The SEC’s findings determined that DAO tokens were indeed securities, and subject to regulation as such. “The innovative technology behind these virtual transactions does not exempt securities offerings and trading platforms from the regulatory framework designed to protect investors and the integrity of the markets,” said Stephanie Avakian, Co-Director of the SEC’s Enforcement Division. Steven Peikin, also a co-director, echoed Avakian’s comments, adding “as the evolution of technology continues to influence how businesses operate and raise capital, market participants must remain cognizant of the application of the federal securities laws.”

Some companies have attracted additional legal scrutiny. Centra, a virtual currency endorsed by boxing icon Floyd Mayweather, raised $32 million in a 2017 ICO. Centra promised investors that a Centra token “would give investors access to a new virtual currency exchange and a virtual currency debit card that would operate on the Visa and Mastercard networks.”

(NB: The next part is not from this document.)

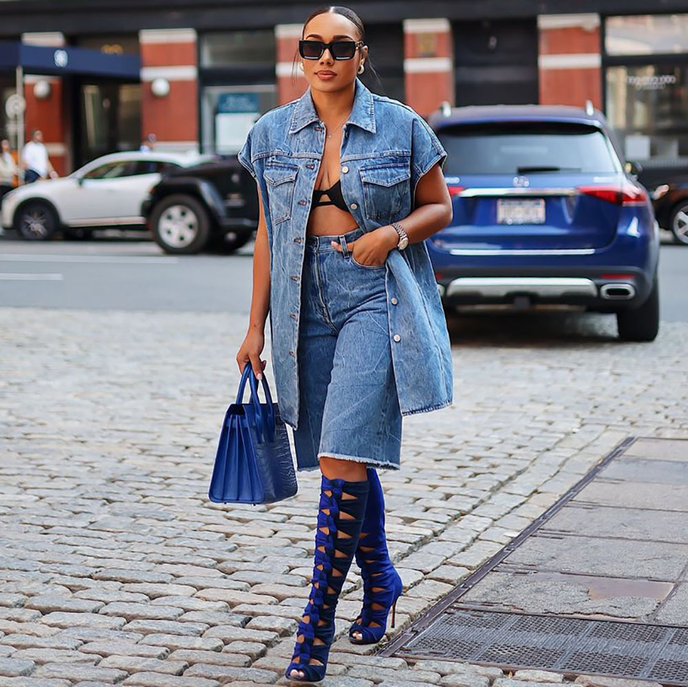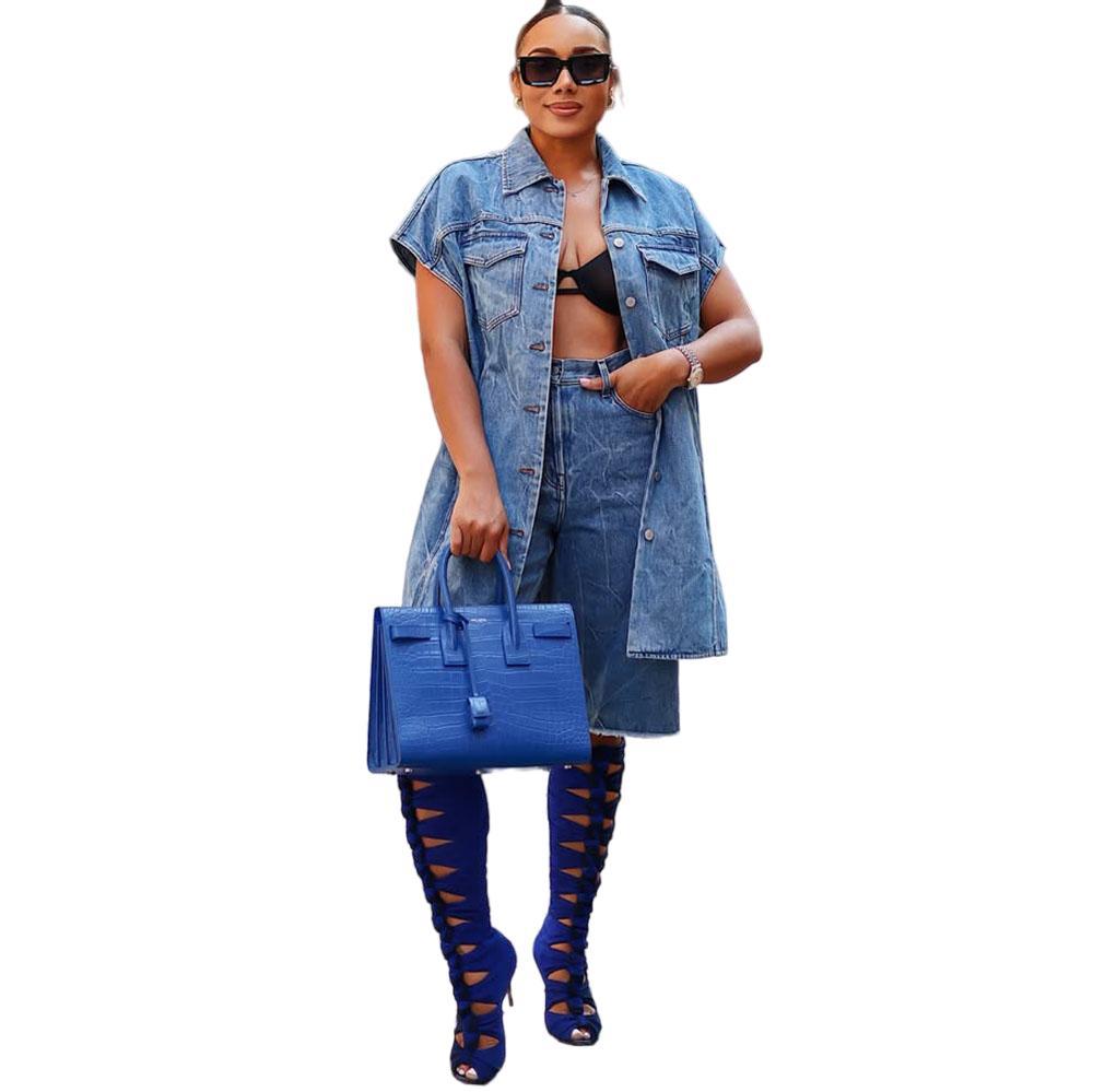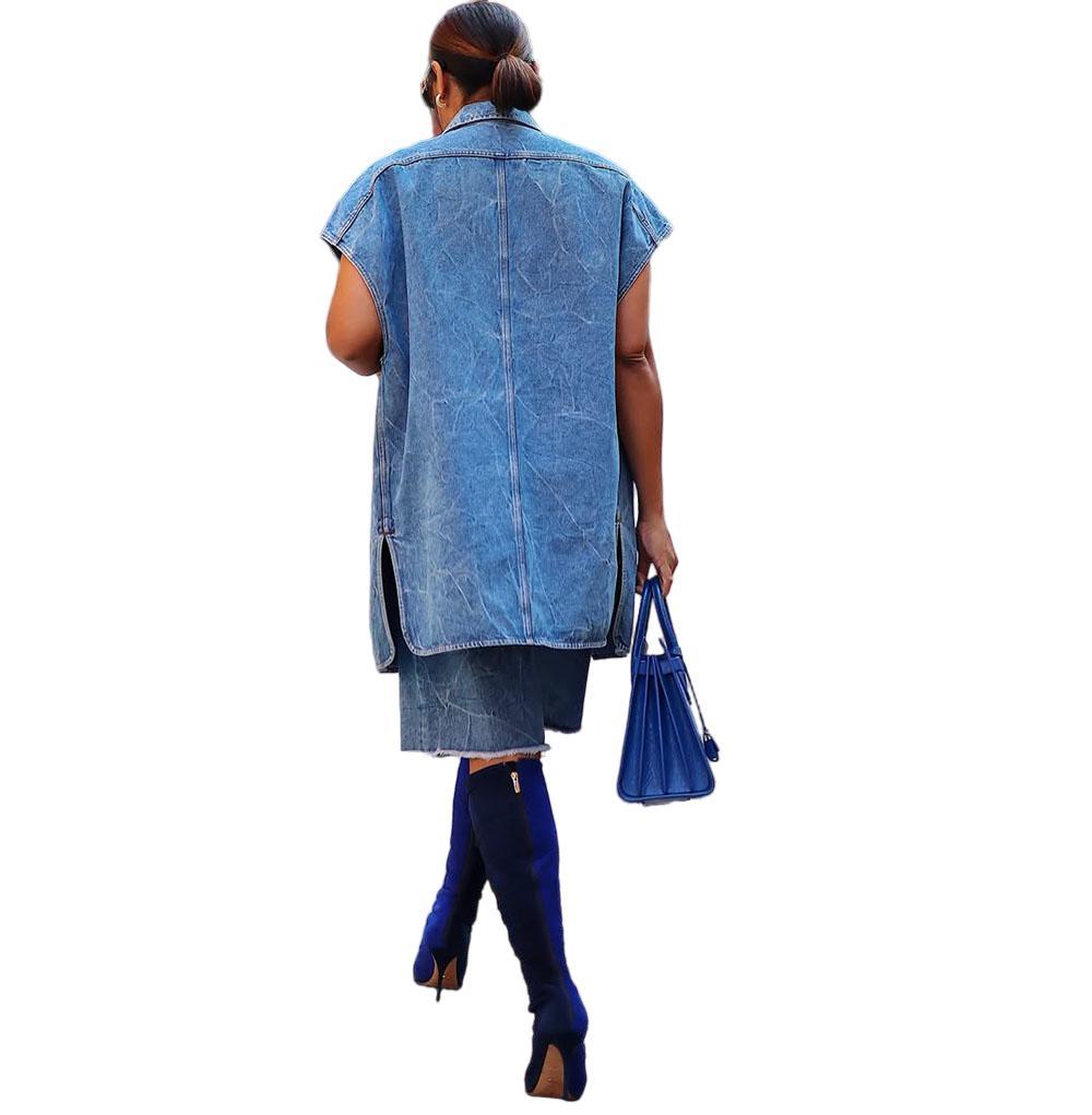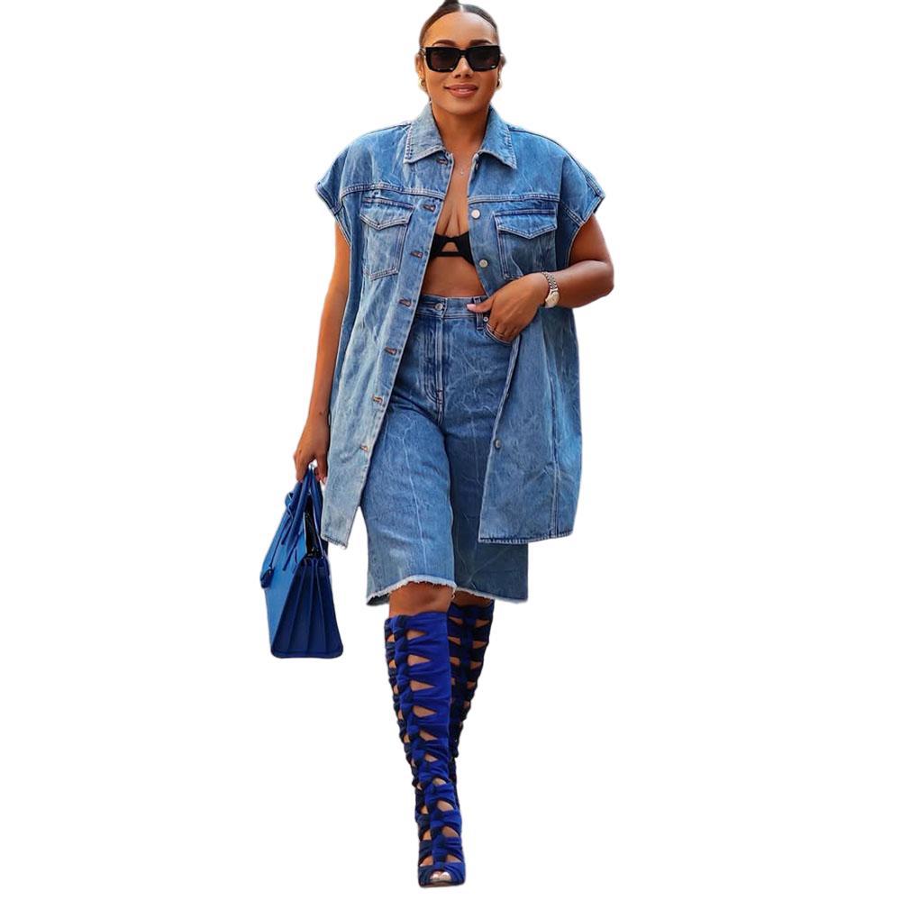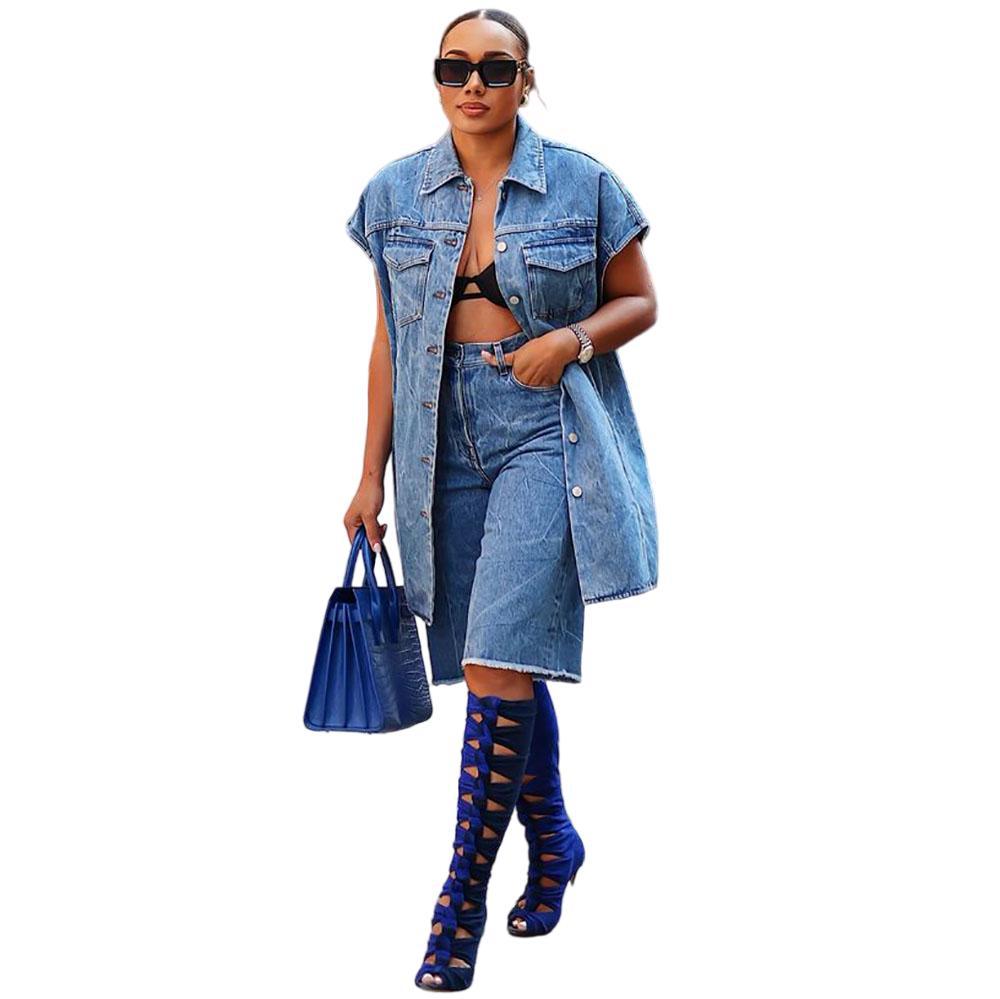 유럽과 미국 여성 캐주얼 데님 코트 아마존 국경 여성 패션 데님 재킷 민소매 양복 조끼

But the SEC halted the project for fraud- and securities-related charges—according to the complaint, Centra listed numerous fake executives on their website, had never received approval from Visa and Mastercard for the advertised connection, and committed other infractions. The company’s co-founders, Sam Sharma and Robert Farkas, were arrested for “[selling] investors on the promise of new digital technologies by using a sophisticated marketing campaign to spin a web of lies about their supposed partnerships with legitimate businesses,” said Avakian. The Southern District of New York brought additional criminal charges against the co-founders. Among them, the conspiracy to commit securities fraud, securities fraud, conspiracy to commit wire fraud, and wire fraud. The New York Times reported that the Centra founders are the first people arrested in connection with an ICO.

Centra and the DAO’s respective run-ins with the SEC are not unique. A Wall Street Journal report analyzed documents for 1,450 ICOs and red-flagged 271 of them for plagiarized documents, fake team listings, and ambiguous or deceptive claims. The SEC has subpoenaed documents for dozens of coin offerings, with more on the horizon.

ICOs are unlikely to disappear, but the message from recent SEC actions is clear: investors must take the time to perform due diligence, and companies need to register with regulators—or face legal consequences.